Жнец Куросава чем-то напоминал Жнеца Фарадея – статью, сединой, прокравшейся в шевелюру. Но что касается манеры поведения, то здесь Куросава был полной противоположностью первому наставнику Роуэна. Вздорный и взбалмошный, особое удовольствие он получал, издеваясь над людьми и высмеивая их. Не самая приятная черта характера, но – не убивать же его за это!
– Если бы мы подвергали жатве каждого кретина, – однажды сказал Роуэну Жнец Вольта, – на земле никого бы не осталось.
Это был тот самый Вольта, который покончил жизнь самоубийством на глазах Роуэна. Болезненные воспоминания.
А интересно, что бы Вольта сказал о его миссии? Может, посоветовал бы ему также покончить с собой, пока не поздно, пока он, Роуэн, окончательно не стал чудовищем?

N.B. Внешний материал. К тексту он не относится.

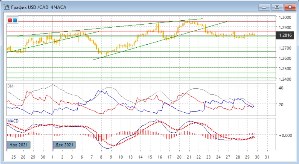 На четырёхчасовом графике продолжается консолидация в узком диапазоне 1,2800-1,2850. Так как в целом картина разворота (после преодоления линии восходящего тренда) остаётся действующей, более вероятен выход из диапазона вниз. По индикаторам направленного движения пара во флэте (что соответствует диапазону): DM+ и DM- близки, уровень ADX снизился, гистограмма MAD находится около нуля. Так как пара задержалась в узком диапазоне, при выходе из него можно ожидать ускорения движения.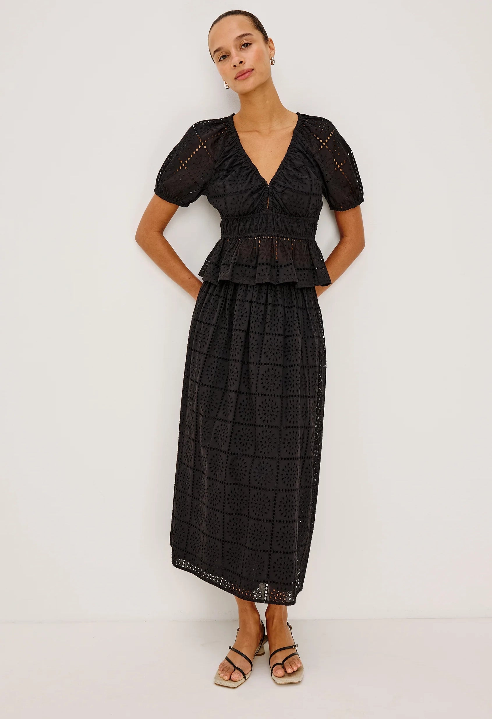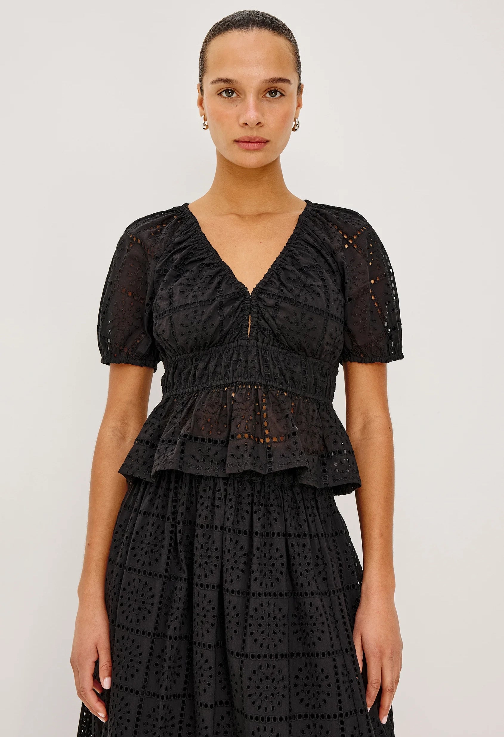 Discover effortless elegance with the Argenta Top, a charming cropped silhouette crafted from delicate broderie anglaise eyelet cotton. Designed with a flattering V-neckline and cinched waist, both finished with soft elastic trim, this piece features short raglan sleeves and a gently flared ruffle hem for a playful, feminine touch. Perfect for layering or wearing solo, the Argenta brings timeless sophistication to any warm-weather wardrobe.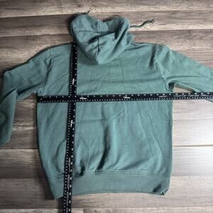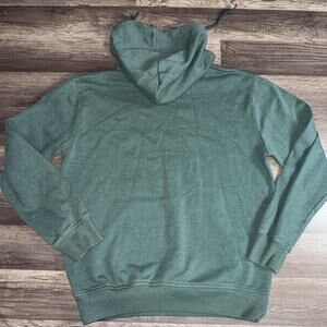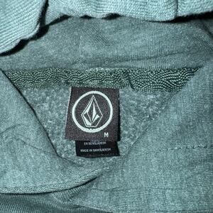 The product is a men's size medium Volcom green hoodie. It features a solid color with a drawstring closure and a pullover style. The hoodie is hooded and perfect for casual wear or activewear. Made by the brand Volcom, known for their quality clothing and unique designs. This hoodie is a stylish and comfortable addition to any man's wardrobe.

Куросава любил проводить жатву в шумной толпе. Нет, массовое убийство не было его коньком. Один человек за раз – и довольно. Остро отточенный ноготь нужно окунуть в нейротоксин, добываемый из золотой лягушки, встречающейся вдоль тихоокеанского побережья бывшей Колумбии, а потом в толпе провести ногтем по щеке намеченной жертвы. Несколько мгновений – и нет человека!
Любимым местом охоты для Куросавы был самый многолюдный в мире перекресток Сибуя в Токио, который совсем не изменился со времен Эпохи смертных. В любой час суток, стоило вспыхнуть красному цвету, толпы прохожих бросались на пятачок, где пересекались сразу шесть улиц; люди двигались в разных направлениях, но никогда не сталкивались друг с другом.
Куросава убивал кого-нибудь из бегущей толпы, а затем скрывался в одном и том же рамен-кафе, чтобы отпраздновать акт удачной охоты и утопить печаль и раскаяние, если таковые начинали мешать его радости и удовольствию, в миске крепкого бульона тонкоцу.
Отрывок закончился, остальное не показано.